Le nouveau Captain America atteint enfin le grand écran, même avec un atterrissage quelque peu maladroit. Anthony Mackie se présente comme le protagoniste dans l'un des films UCM et montre qu'il mérite d'être le nouveau Captain America, mais pas tellement qu'il mérite d'avoir ses propres films.
Le meilleur, sans aucun doute, est l'action. En se concentrant davantage sur les combats à main, ils s'efforcent d'exécuter une bonne chorégraphie pour se divertir et, surtout, Molen et Cool beaucoup. Armé du bouclier de Captain America et des Hawk Wings, il les combine pour être un super-héros qui ne se bat pas comme les autres. Et en plus, les combats sont faits pour nous mettre en face que, même sans avoir une super force, Sam est un venger.
Captain America: Brave New World. Un thriller politique avec des idées, mais sans but
L'histoire est difficile à définir; D'une part, c'est clairement un thriller politique, mais, d'autre part, ils forcent tellement d'informations qu'il n'est pas compris quel était l'objectif des scénaristes.
Au moins, ils comprennent que les films de Capi doivent être basés sur des questions politiques et des complots internationaux, au lieu de conflits intergalactiques.

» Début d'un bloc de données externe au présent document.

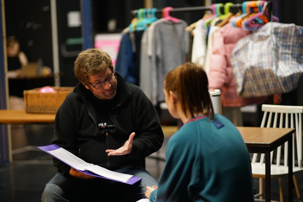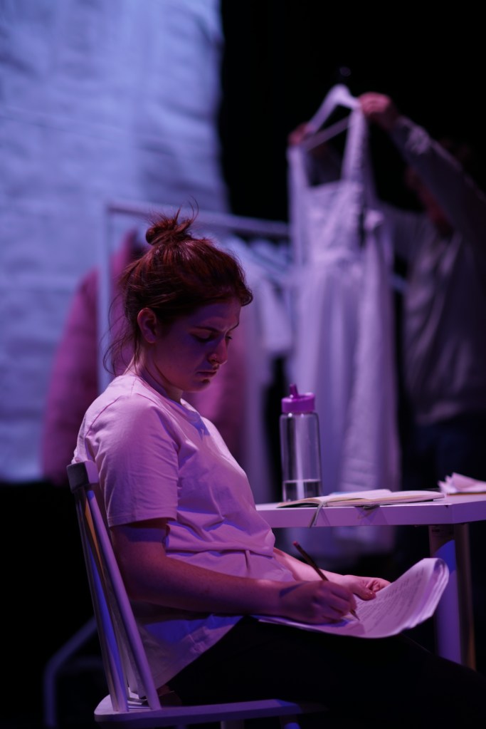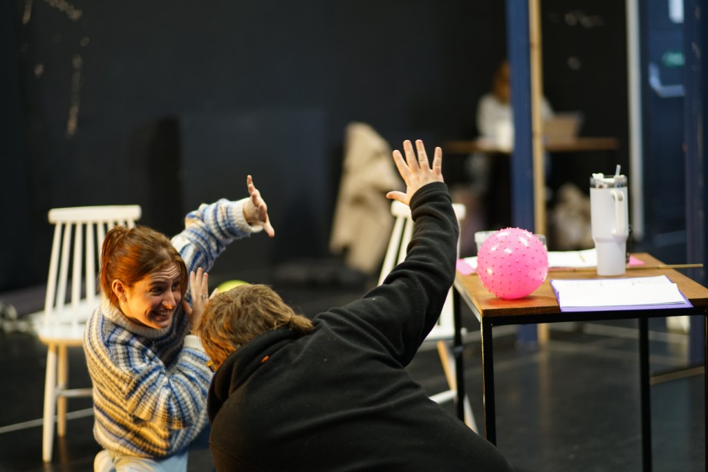 As devising is at the heart of my practice, I hold a collaborative space and try to be really responsive to the creative influence of the room – Clare and Gerry were extremely generous with their creative contributions, and Adi and Izzy brought brilliant ideas to the room. This has been an affirming experience, solidifying the way that I work and the benefits of it. In particular, spending the first week in play and discovery meant that we landed in some great depth early on which was easy to apply to a blocking process (rather than trying to find insight after the piece has been blocked).

Tout est très bien placé dans son contexte, en particulier la présentation de Thaddeus Ross en tant que nouveau président et lui donnant un rôle crucial dans l'intrigue, et aussi sa propre arche à explorer.
De plus, parmi toutes les complots et mensonges, ils donnent également le temps d'explorer le caractère de Sam Wilson et sa relation avec le titre. Au lieu de vous concentrer sur le fait qu'il soit digne ou non de porter le bouclier, explorez plus ce qui en fait la digne. Sam doute de ce qu'il peut faire étant la nouvelle Capi et ce qui le différencie de Steve Rogers. Mais ils ne lui donnent pas suffisamment de temps pour se développer, alors ils finissent par résumer l'intrigue personnelle du protagoniste en deux ou trois scènes, laissant sa transformation comme un personnage quelque peu pressé en faveur de l'ensemble du remplissage inutile.
Le service excédentaire des fans joue contre lui
Le plus gros problème du film est que trois villages ont été passés avec un service de fans. Toute l'histoire est basée sur des événements et des personnages de films passés, des références à des bandes dessinées pour semer l'avenir, de petits camées et des pétitions de fans. Par exemple, comme cela a été révélé pendant longtemps, le titan de Éternelle C'est l'origine de l'adamantium, que nous savons tous ce que ce métal nous emmènera, mais il ne mentionne que quelques fois, comme s'ils avaient besoin d'une excuse pour commencer un conflit international et choisir la première chose qu'ils lisent dans les bandes dessinées pour Donnez plus de raisons à vos fans d'acheter le billet de cinéma.
Trop de personnages, trop de subtramas
D'un autre côté, il y a la vague de personnages de ce film, chacun avec une grande importance pour la grande machination qu'est l'histoire, chaque conflit passé, chaque relation et même les personnalités sont cruciales pour que l'intrigue ait une certaine cohérence, ce que cela finit par créer deux problèmes, il y a d'abord tellement de vagues d'informations que l'intrigue devient excessivement complexe, et deuxièmement, ils sont venus à l'esprit pour remplir.
Le personnage de Giancarlo Esposito en est un bon exemple. Les fans voulaient le Giancar dans l'UCM au point que certains l'ont mis en tant que prochain professeur X. Mais au lieu de lui donner un personnage qui va correspondre à ses compétences en tant qu'acteur, ils lui ont donné un rôle d'utilisation et de lancer, à Calmez les masses.
Mais, à part tout, l'histoire est là, elle est quelque peu maladroite et pleine de distractions, mais elle est solide. Les personnages ont clairement présenté des arches et donnent également de la place à l'avenir.
Bien que ce soit le film de Captain America Du début à la fin, ils s'assurent que c'est aussi un film qui laisse un impact pour l'avenir de l'UCM, le disant clairement pendant le chemin du film ou avec un clin d'œil, c'est sa seule scène postcrédit.